И, поправив несколько заглохший огонь, он прибавил задумчиво:
— Всегда вот этак. Теперь я ужа и не спрашиваю… Плачет… Или ударится о землю… Пена изо рта, как есть порченая! Так и сам не знаю, — откуда она родом…
Он замолчал.
— Марья! — крикнул было Степан. — Ну, иди, что ли! Что в самом деле: не съели тебя…
Женщина не ответила, но песня смолкла. Всем нам стало томительно и неловко.
— Эх… некстати маленько спросили, — сказал опять Степан. — Может, обошлось бы. Она ведь у меня занятная… Иной раз разойдется, песни заиграет…
— А когда вы с нею встретились? — спросил я, чтобы поддержать разговор. — И если вам не неприятно, расскажите, как это вы венчались бродяжьим браком?
— Слышали, значит? — спросил Степан, встрепенувшись. — Нет, что же… У меня этого нет… Да что! Здесь такая сторона: никому нет дела! Я даже письма из дому получал…

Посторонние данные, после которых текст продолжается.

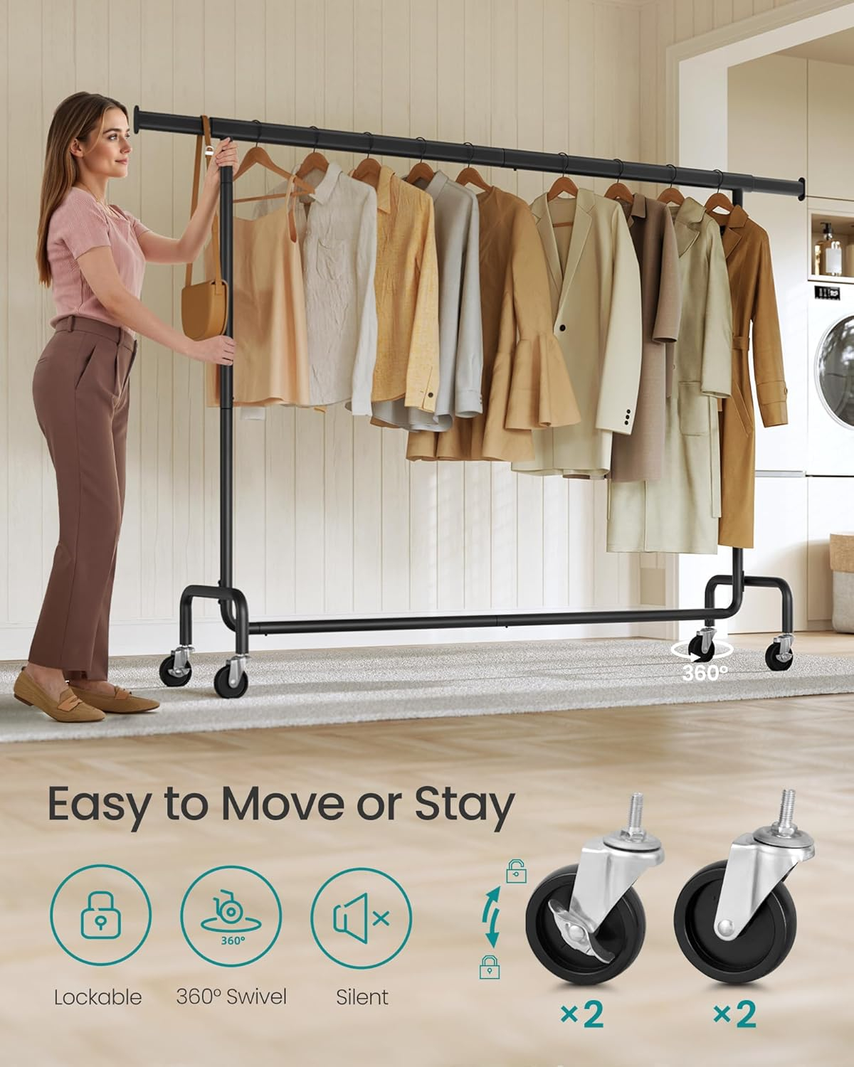Suport pentru haine cu bara extensibila si roti industriale, gandit pentru incarcari mari. Se muta usor intre camera, dressing si spalatorie, iar franele il fixeaza stabil cand ai nevoie.

В его лице появились признаки оживления. Видимо, воспоминания, на которые навел его мой вопрос, не были ему неприятны. Он только оглянулся в сторону Маруси и сказал, немного понижая голос:
— Если вам рассказать, например, всю историю, как мы с нею сошлись, то это даже очень любопытно… Дело-то, если говорить по порядку, начинается с каторги. Значит, ранней весной выбежали мы с товарищем с N-ских рудников. Только снег прошел… Речки еще играли. Ну, сначала скрывались поблизости, в тайге, подобно как звери. Бедствовали сильно. Потом выбились-таки на дорогу, к Чите подходить стали, месяца уже через полтора. Дождь, помню, шел с ночи… А дождь перестанет — туман… Так на горах и висит. Ну, дело по бродяжеству привычное. Идем, отряхаемся. Дождь, дескать, вымочит, ветер высушит. Наплевать! Третий тут еще к нам прикомандировался, бродяжка тоже… Иваном назвался. Только верст этак, может, на десять от городу вдруг из тумана двое на нас: «Стой, что за люди?» Потом посмотрели и говорят: «Нет, не те. Тоже варначье, да нам на этот раз не надобны. Черт с вами». И побежали дальше. Опомнились мы, перекрестились… «А ведь, это, братцы, — говорит нам товарищ, — тревога! Непременно из замка кто-нибудь убежал. Надо нам с дороги-то податься в сторону». — «Давайте, — я говорю, — пойдем лучше за ними. Эти не тронули, а на других наткнемся, еще бог знает…» Ну, и пошли мы в ту самую сторону, куда эти двое побежали…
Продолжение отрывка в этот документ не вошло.